#### ENTRIES SHOWN
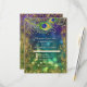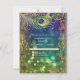 Matching RSVP Response Card with simple menu choices. This design is made with hand painted watercolor peacock feathers adorned with graphically designed diamond jewels (NOTE: this is a flat printed invitation there is no actual jewels, gold glitter or metallic foil or ink used) over a colorful bokeh sparkle, twinkling lights background in deep, rich purple, blue, aqua and green. Easily change out your text using the template fields provided. Art by internationally licensed artist, Audrey Jeanne Roberts, copyright.
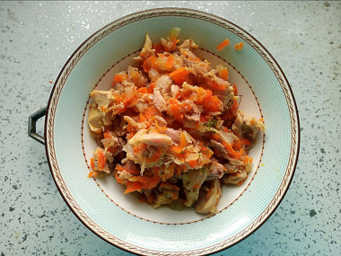 В сковороде разогрейте немного растительного масла. О том, как подобрать идеальную сковороду, а также как правильно выбрать растительное масло, читайте в отдельных статьях, ссылки в конце рецепта. Обжарьте измельченные лук и морковь в течении 1-2 минут. Откройте банку тушенки и добавьте её содержимое в сковороду. Все хорошо перемешайте и прожарьте, чтобы жир из тушенки растопился.
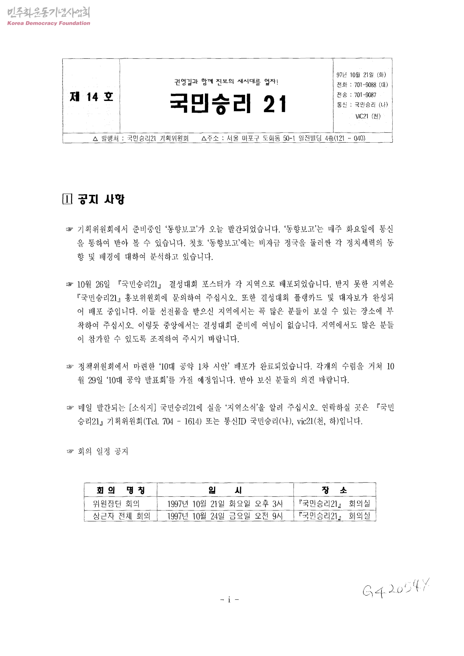 - 1.공지사항 2.후보동정 3.부서소개 4.논평 -여,야 합작의 "날림 국정감사"를 비판한다 -흑자기업 바로크가구의 부도를 걱정한다 5.기타자료 -권영길 후보의 'PC 통신 토론'참가에 관한 국민승리21의 의견
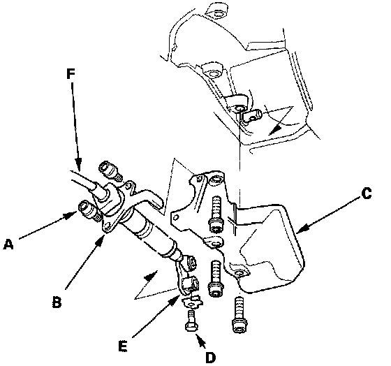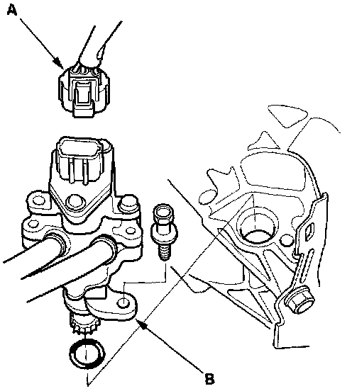 30. Remove the power steering speed sensor (B). Do not remove the hoses (J32A1 engine).
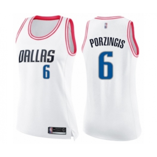 >Women's Dallas Mavericks #6 Kristaps Porzingis Swingman White Pink Fashion Basketball Jerse

#### WORK ITEM
Quote exactly, and nothing besides, the lines from the one with "В сковороде разогрейте" through the end of the records above; include both ends and omit the pictures.

#### REPLY TO THE EXERCISE
 В сковороде разогрейте немного растительного масла. О том, как подобрать идеальную сковороду, а также как правильно выбрать растительное масло, читайте в отдельных статьях, ссылки в конце рецепта. Обжарьте измельченные лук и морковь в течении 1-2 минут. Откройте банку тушенки и добавьте её содержимое в сковороду. Все хорошо перемешайте и прожарьте, чтобы жир из тушенки растопился.
 - 1.공지사항 2.후보동정 3.부서소개 4.논평 -여,야 합작의 "날림 국정감사"를 비판한다 -흑자기업 바로크가구의 부도를 걱정한다 5.기타자료 -권영길 후보의 'PC 통신 토론'참가에 관한 국민승리21의 의견
 30. Remove the power steering speed sensor (B). Do not remove the hoses (J32A1 engine).
 >Women's Dallas Mavericks #6 Kristaps Porzingis Swingman White Pink Fashion Basketball Jerse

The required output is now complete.